Plugin: Force XML
Purpose
This plugin forces all downloaded documents to be processed as XML.
Use this filter when you are indexing XML documents that are not correctly detected as XML. This usually happens when an XML document is returned with an incorrect MIME type (e.g. text/html) or the document is missing the XML declaration.
This plugin applies the following to all documents that are downloaded for the data source:
-
sets the document’s MIME type to
text/xmlwhich is required by filters and the indexer to process a document as XML. -
removes any leading whitespace from the document content as a valid XML document must begin with an XML declaration.
-
checks to see if the document starts with an XML declaration and adds one if required.
| This filter should only be used if all the files being processed are XML files. Use with other file types may result in unexpected behavior or filter errors. |
|
Usage
Enable the plugin
-
Select Plugins from the side navigation pane and click on the Force XML tile.
-
From the Location section, select the data source to which you would like to enable this plugin from the Select a data source select list.

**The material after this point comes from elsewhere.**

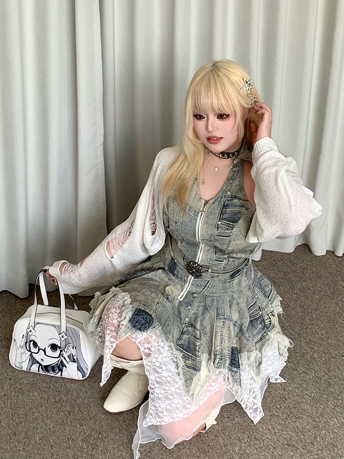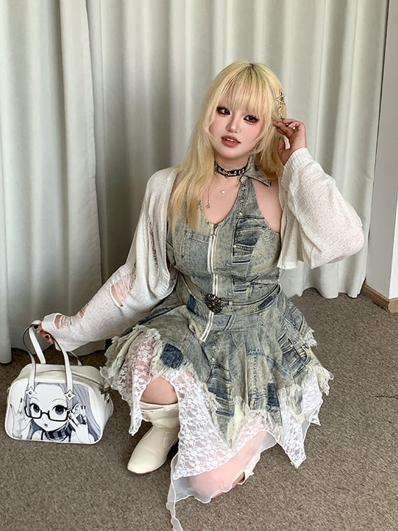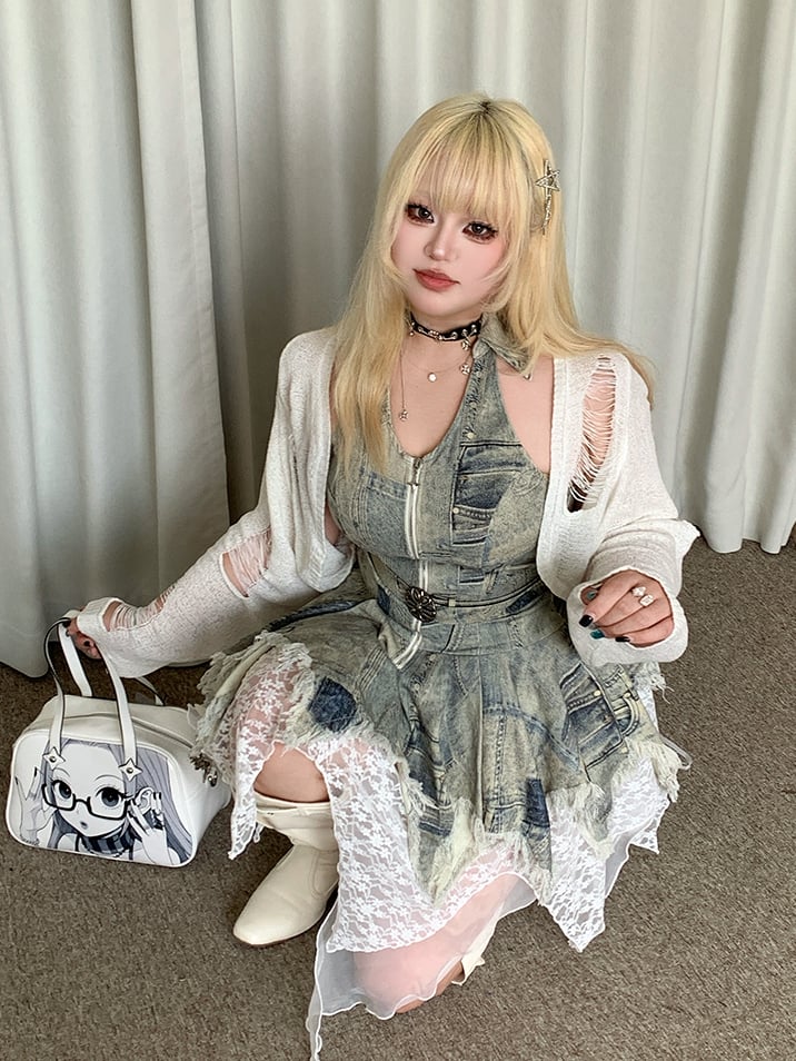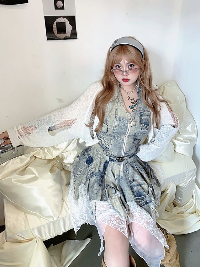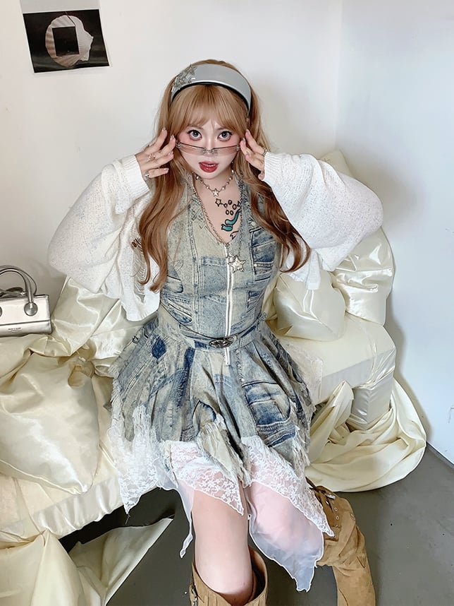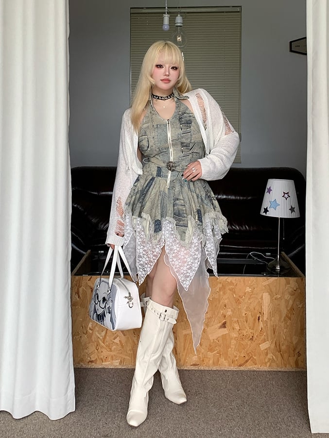 青と白のオールドスクールロリータファッションドレス 蝶結びディテール JSK セット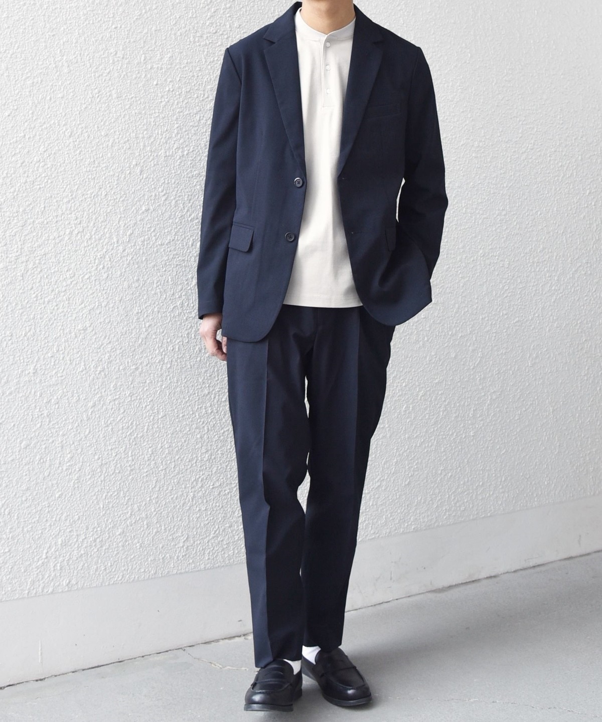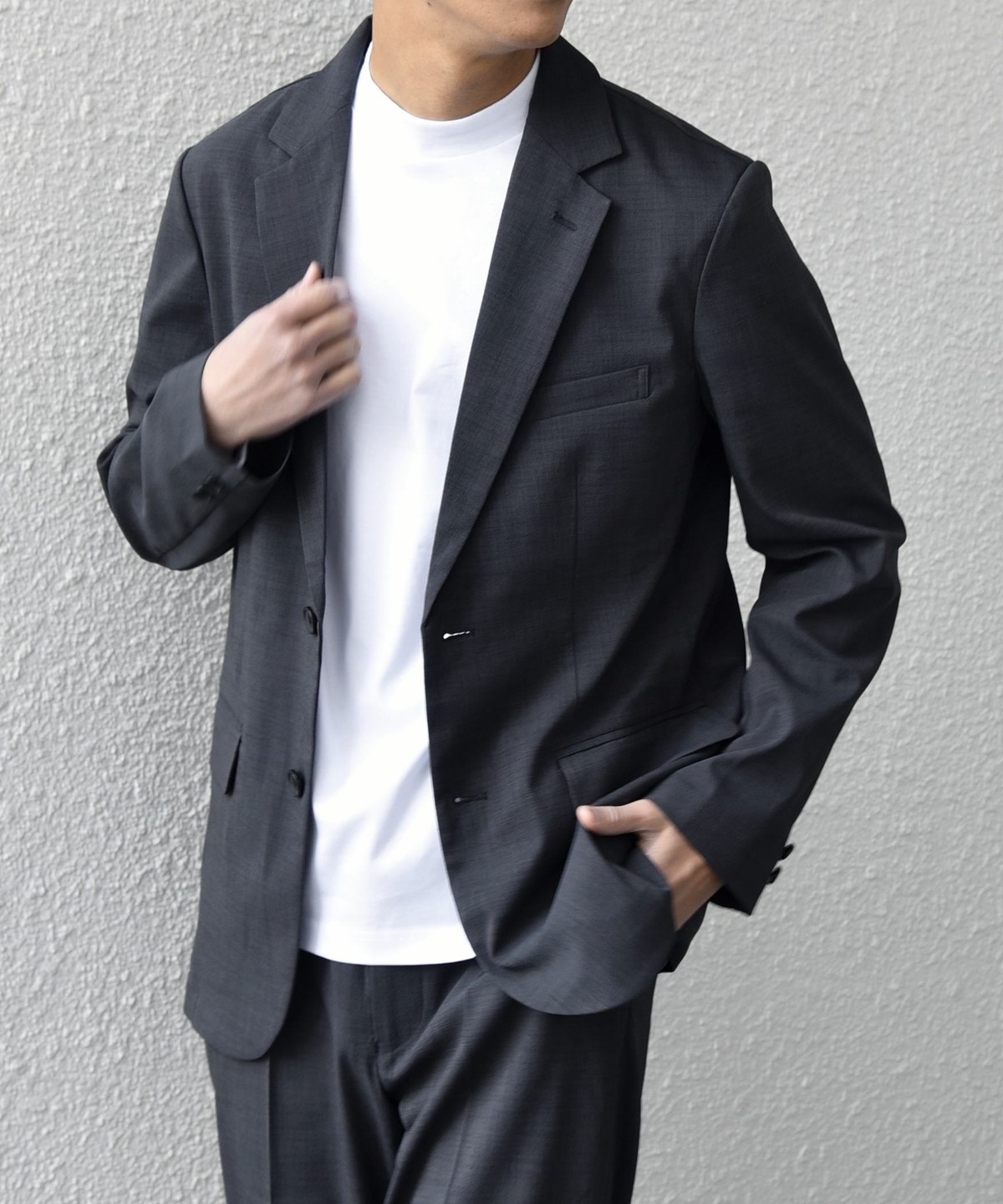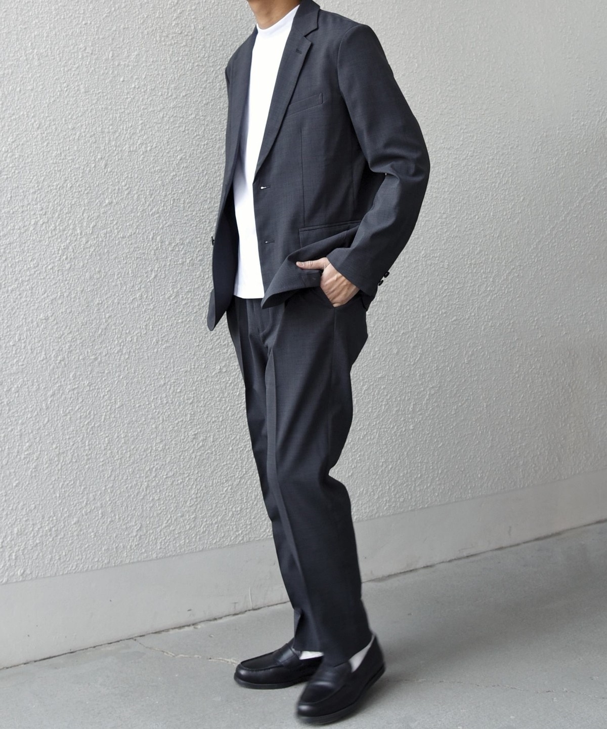 シャープに見えるセットアップスーツですが、ジャケットのラペル幅をやや太めにデザインすることで程よくクラシックな印象をプラス。

| The plugin will take effect after setup steps and an advanced > full update of the data source has completed. |
| When configuring this plugin ensure that the Force XML filter is applied close to the start of your set of filters. For most use cases it should be the first filter that runs. |
Filter chain configuration
This plugin uses filters which are used to apply transformations to the gathered content.
The filters run in sequence and need be set in an order that makes sense. The plugin supplied filter(s) (as indicated in the listing) should be re-ordered to an appropriate point in the sequence.
| Changes to the filter order affects the way the data source processes gathered documents. See: document filters documentation. |